-- SOURCE MATERIAL --
━━━━━━━━━━━━━━━━━━━━━━━━━━━━━━

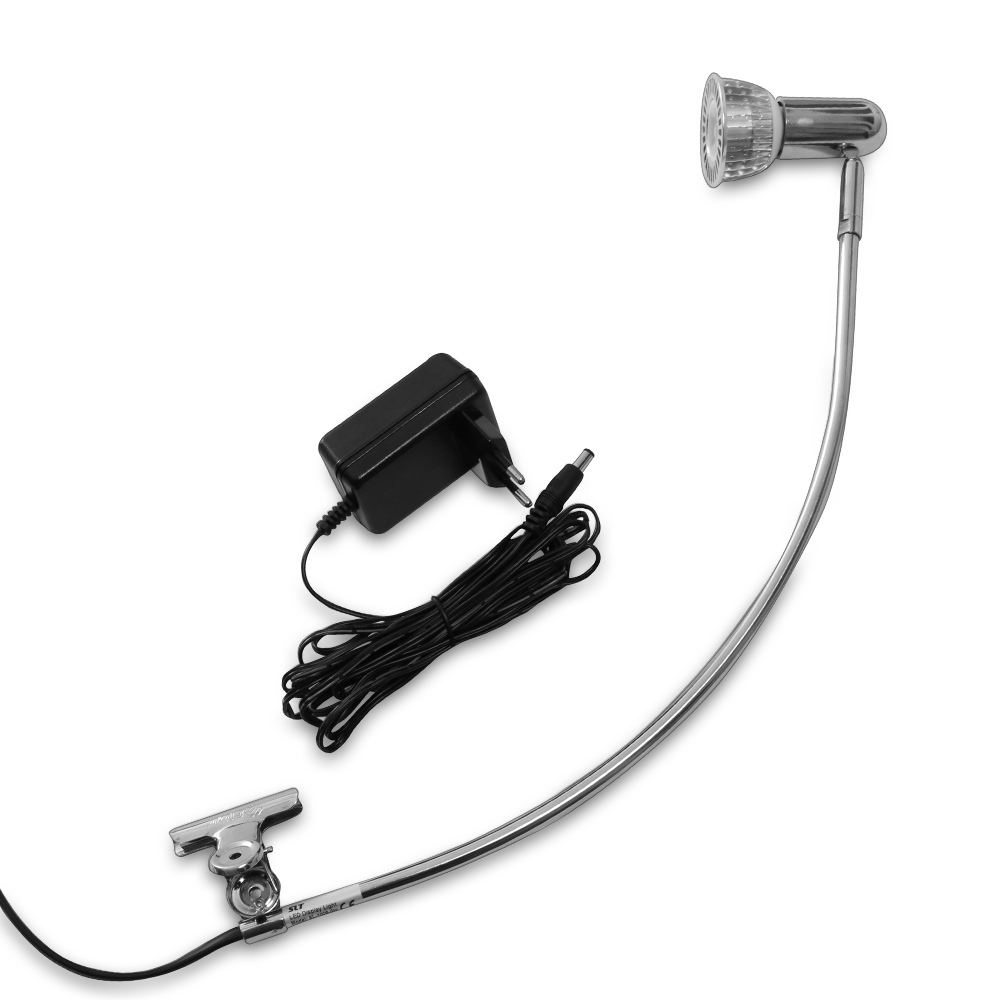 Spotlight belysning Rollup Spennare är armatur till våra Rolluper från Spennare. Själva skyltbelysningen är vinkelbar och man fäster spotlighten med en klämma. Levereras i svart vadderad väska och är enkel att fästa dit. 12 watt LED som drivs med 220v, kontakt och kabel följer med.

━━━━━━━━━━━━━━━━━━━━━━━━━━━━━━

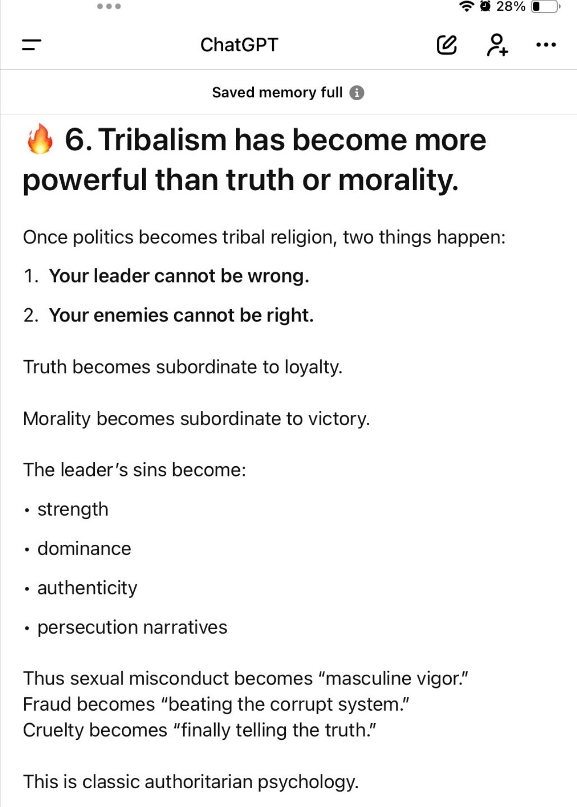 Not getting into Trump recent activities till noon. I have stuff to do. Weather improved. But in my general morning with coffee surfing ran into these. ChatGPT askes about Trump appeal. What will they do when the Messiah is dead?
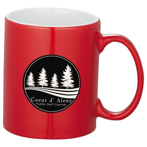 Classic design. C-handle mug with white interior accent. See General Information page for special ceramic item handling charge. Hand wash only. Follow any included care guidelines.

━━━━━━━━━━━━━━━━━━━━━━━━━━━━━━

-- THE PROBLEM --
Although pictures appear among the records above, none are to be output; print exactly the lines from the line containing "Not getting into" through the line containing "Classic design. C-handle".

-- RESPONSE AREA --
 Not getting into Trump recent activities till noon. I have stuff to do. Weather improved. But in my general morning with coffee surfing ran into these. ChatGPT askes about Trump appeal. What will they do when the Messiah is dead?
 Classic design. C-handle mug with white interior accent. See General Information page for special ceramic item handling charge. Hand wash only. Follow any included care guidelines.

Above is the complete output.